Rep. Mace: “Why would that be?”

Mr. Erickson: “I don’t know ma’am. You’d have to ask GSA.”  

Subcommittee Chairwoman Mace also drilled down on one of the excuses GSA used for procuring the Chinese -made cameras, which was the exorbitant levels of telework still in use by the agency.

Rep. Mace: “It’s the end of pandemic, people are coming back to work, I would think you would need fewer cameras than more, why the 360 [degree Chinese cameras]?”

Mr. Shive: “…for people who are off site, it allows for-”

Rep. Mace: “How many people are off site at your agency?”

Mr. Shive: “I don’t have that number but I’m happy to get that for you.”

Rep. Mace: “You don’t know how many people work from home?”

Mr. Shive: “Um I know percentages.”

Rep.

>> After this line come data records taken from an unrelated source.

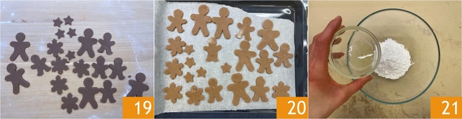Schneiden Sie auch andere Formen nach Belieben wie Schneeflocken und Sterne mit Ausstechern in verschiedenen Größen 19. Legen Sie die Kekse auf ein mit Backpapier ausgelegtes Blech 20 und backen Sie sie im statischen Ofen bei 175°C für 10-12 Minuten. Während die Kekse backen, bereiten Sie das Royal Icing vor, indem Sie Puderzucker und Eiweiß in eine Schüssel geben 21.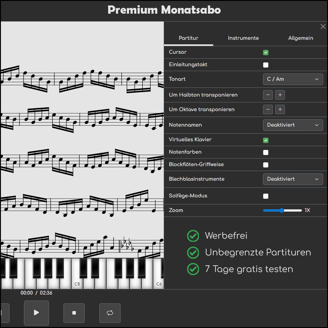| Noten ansehen | 5–10 pro Tag | Unbegrenzt |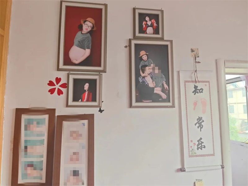 崔小妮怀二女儿时和丈夫、孩子拍的照片。

Mace: “Ok, what’s the percentage of people working from home at your agency?”

Mr. Shive: “It’s different every day, I don’t have an exact number.”

Rep. Mace: “On average?”

Mr. Shive: “Um, on average 30-40% of people are on site every day.”

Rep. Mace: “Ok so based on data we’ve seen, your agency seems to be an outlier even for federal agencies in terms of employees that are working from home.”